Berlin-based photographer Boris Eldagsen turned down the Sony World Photography Awards 2023 and called his actions "cheeky" on his website immediately after admitting that the image that won first place in the Creative Open competition category was generated by artificial intelligence. Two women are "filmed" in the frame called "Electrician", and the work itself is part of the Pseudomnesia: Fake Memories series - "fake paintings from the past that never was."

The photographer had several goals at the competition. The first is to check how ready the community is for the emergence of AI images.

"I cheekily applied to see if these contests were ready for AI-powered images. Not ready," Eldagsen wrote.

The second reason is the call to figure out what exactly can be considered a photograph, and to make sure that the images generated by artificial intelligence and the frames taken by people do not compete with each other, because they are "different entities".

"We, the world of photography, need an open discussion. Discussions about what we are ready to consider photography and what is not.
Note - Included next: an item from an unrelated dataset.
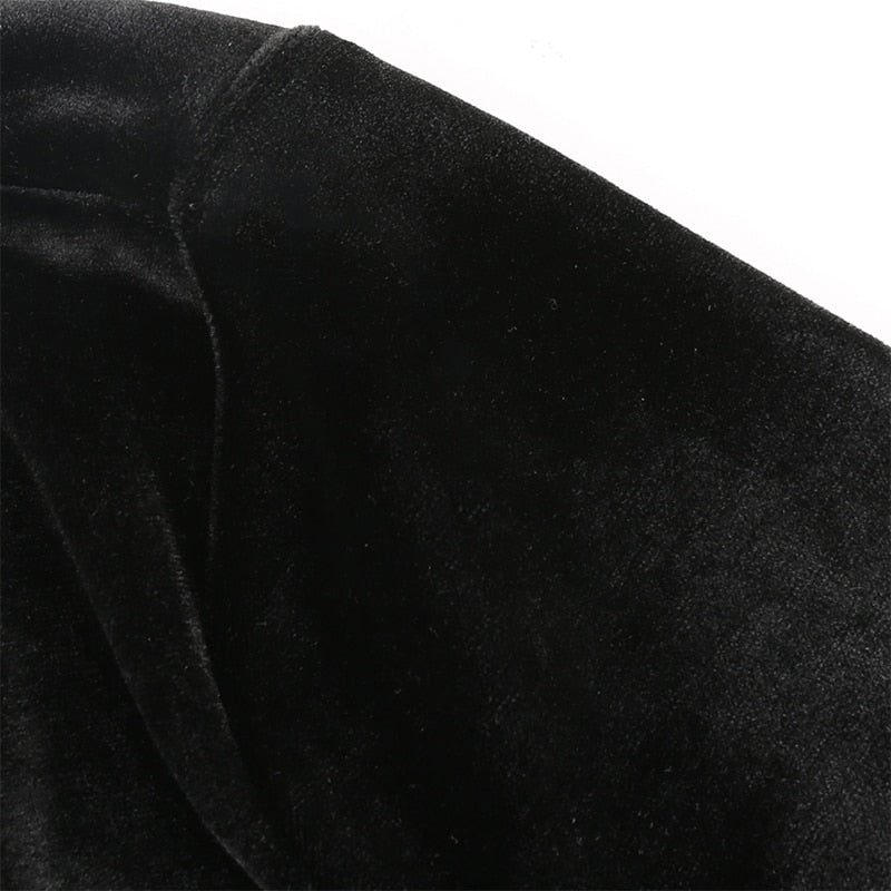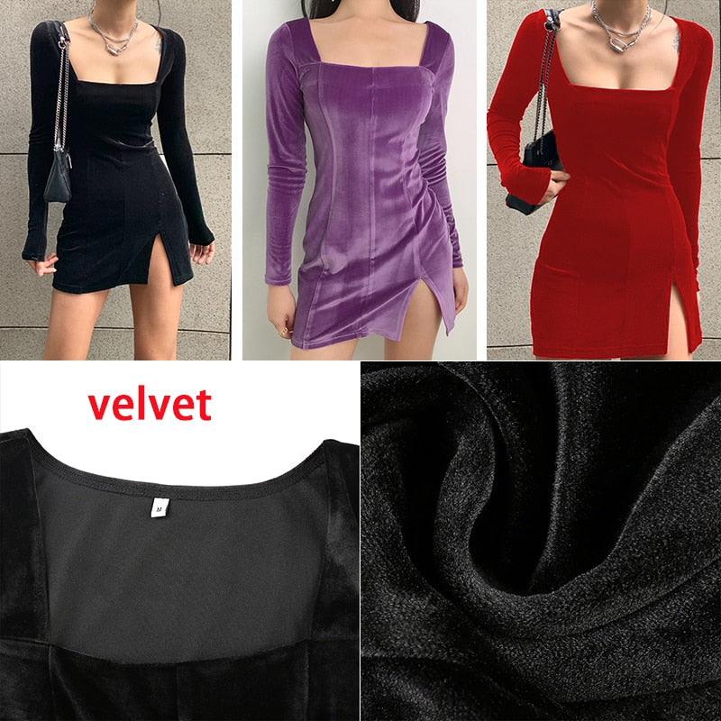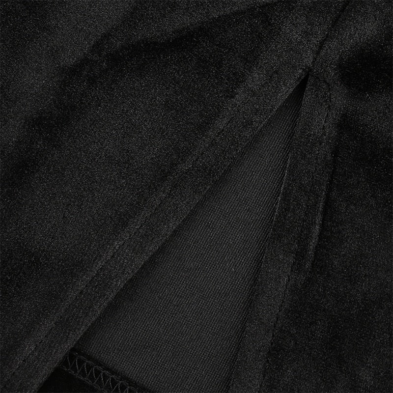 This dark and beautiful velvet dress is perfect for your next date night. The dress features a deep v-neckline and a backless design. The sleeves are short and it has a split in the front. It has a soft, smooth texture and is made of 95% polyester and 5% spandex.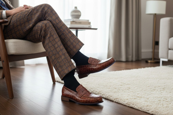 Affirmez votre présence avec ce mocassin homme effet croco marron au design puissant et raffiné.

Is the category of "photography" broad enough to include images made by artificial intelligence — or would it be a mistake?" — said the photographer.

Eldagsen said that he considers the incident a "historic moment" because for the first time in an international photo competition, the prize was given to a frame generated by artificial intelligence.

"How many of you suspected that this photo was AI-generated? Something is wrong here, right?" the photographer concluded.

However, the World Organization of Photography reacted to Eldagsen's actions without much enthusiasm. The representative of the SAI stated that after the photographer had tried to deliberately mislead the competition management and revoked the guarantees of the authenticity of the image that he had provided, despite his motives, it was impossible to have a meaningful and constructive dialogue with him, as well as further joint activities.

At the same time, the organization noted that they recognize the importance of the issues raised and welcome their further discussion, reports The Guardian.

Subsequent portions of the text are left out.